→ EXERCISE DIRECTIONS
No pictures should be carried over. Output all other parts of the entries verbatim.

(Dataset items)

== Segment start ==

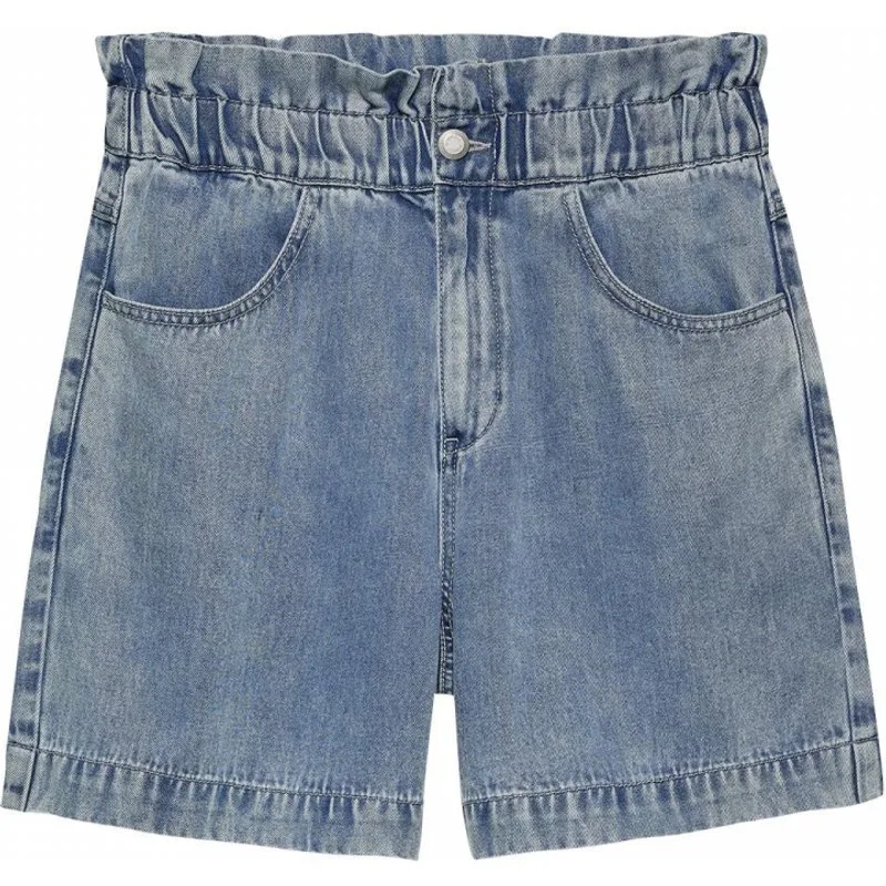Tencil denim shorts met elastische tailleband Normale pasvorm Iris is 1.76m lang en draagt maat 36 100% tencel Designed in Amsterdam
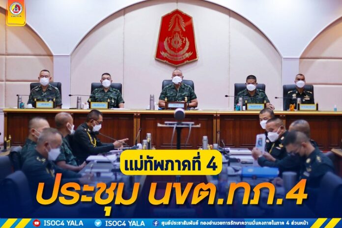 วันนี้ 9 มิถุนายน 2565 เวลา 10.00 น. ที่ ห้องประชุมกองบัญชาการกองทัพภาคที่ 4 ค่ายวชิราวุธ อำเภอเมือง จังหวัดนครศรีธรรมราช พลโท เกรียงไกร ศรีรักษ์ แม่ทัพภาคที่ 4/ผู้อำนวยการรักษาความมั่นคงภายในภาค 4 เป็นประธานการประชุมหน่วยขึ้นตรงกองทัพภาคที่ 4 (วาระพิเศษ) ผ่านระบบ VTC เน้นย้ำนโยบายสำคัญ และข้อสั่งการของผู้บัญชาการทหารบกที่เกี่ยวข้องกับกองทัพภาคที่ 4 โดยก่อนวาระการประชุมแม่ทัพภาคที่ 4 ได้มอบประกาศชมเชย ผลการปฏิบัติหน้าที่ของกำลังพล ชุดปราบปรามยาเสพติดกองทัพภาคที่ 4 จำนวน 10 นาย ซึ่งได้สนธิกำลังร่วมกับเจ้าหน้าที่ส่วนที่เกี่ยวข้องจับกุมผู้กระทำความผิด พร้อมของกลางยาเสพติด (ยาบ้า) และของกลางอีกหลายรายการ และมอบทุนการศึกษาให้กับบุตรของกำลังพล สังกัดกองทัพภาคที่ 4 ที่สามารถสอบเข้าศึกษาในโรงเรียนเตรียมทหารสถาบันวิชาการป้องกันประเทศ (รร.ตท.สปท.) ประจำปี 2565 จำนวน 6 นาย
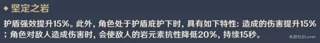 这里说一下,岩属性的护盾对所有元素伤害和物理伤害都有150%的吸收效果,也就是说,岩属性的护盾量实际要再乘以1.5才是正确的盾量。
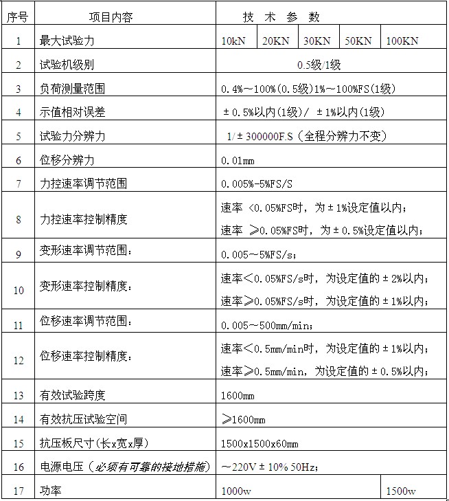 2.紙箱壓力試驗(yàn)機(jī)的主要技術(shù)指標(biāo):
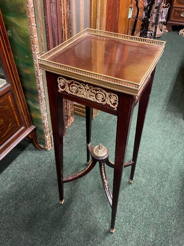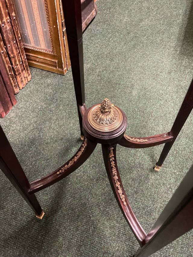 1890年代フランス製の、マホガニーと真鍮で作られたアンティークのプラントスタンドです。天板や脚部分に施された繊細な彫刻が、まるで芸術作品のよう。マホガニーの温かみと、真鍮の光沢が上品なコントラストを生み出しています。アンティークならではの味わいは、年月を重ねるごとに深みを増していきます。お気に入りの観葉植物を飾れば、お部屋の雰囲気が一層華やかになります。フレンチアンティークならではの優雅なデザインをお楽しみください。

== Segment end ==

→ EXERCISE OUTPUT
Tencil denim shorts met elastische tailleband Normale pasvorm Iris is 1.76m lang en draagt maat 36 100% tencel Designed in Amsterdam
 วันนี้ 9 มิถุนายน 2565 เวลา 10.00 น. ที่ ห้องประชุมกองบัญชาการกองทัพภาคที่ 4 ค่ายวชิราวุธ อำเภอเมือง จังหวัดนครศรีธรรมราช พลโท เกรียงไกร ศรีรักษ์ แม่ทัพภาคที่ 4/ผู้อำนวยการรักษาความมั่นคงภายในภาค 4 เป็นประธานการประชุมหน่วยขึ้นตรงกองทัพภาคที่ 4 (วาระพิเศษ) ผ่านระบบ VTC เน้นย้ำนโยบายสำคัญ และข้อสั่งการของผู้บัญชาการทหารบกที่เกี่ยวข้องกับกองทัพภาคที่ 4 โดยก่อนวาระการประชุมแม่ทัพภาคที่ 4 ได้มอบประกาศชมเชย ผลการปฏิบัติหน้าที่ของกำลังพล ชุดปราบปรามยาเสพติดกองทัพภาคที่ 4 จำนวน 10 นาย ซึ่งได้สนธิกำลังร่วมกับเจ้าหน้าที่ส่วนที่เกี่ยวข้องจับกุมผู้กระทำความผิด พร้อมของกลางยาเสพติด (ยาบ้า) และของกลางอีกหลายรายการ และมอบทุนการศึกษาให้กับบุตรของกำลังพล สังกัดกองทัพภาคที่ 4 ที่สามารถสอบเข้าศึกษาในโรงเรียนเตรียมทหารสถาบันวิชาการป้องกันประเทศ (รร.ตท.สปท.) ประจำปี 2565 จำนวน 6 นาย
 这里说一下,岩属性的护盾对所有元素伤害和物理伤害都有150%的吸收效果,也就是说,岩属性的护盾量实际要再乘以1.5才是正确的盾量。
 2.紙箱壓力試驗(yàn)機(jī)的主要技術(shù)指標(biāo):
 1890年代フランス製の、マホガニーと真鍮で作られたアンティークのプラントスタンドです。天板や脚部分に施された繊細な彫刻が、まるで芸術作品のよう。マホガニーの温かみと、真鍮の光沢が上品なコントラストを生み出しています。アンティークならではの味わいは、年月を重ねるごとに深みを増していきます。お気に入りの観葉植物を飾れば、お部屋の雰囲気が一層華やかになります。フレンチアンティークならではの優雅なデザインをお楽しみください。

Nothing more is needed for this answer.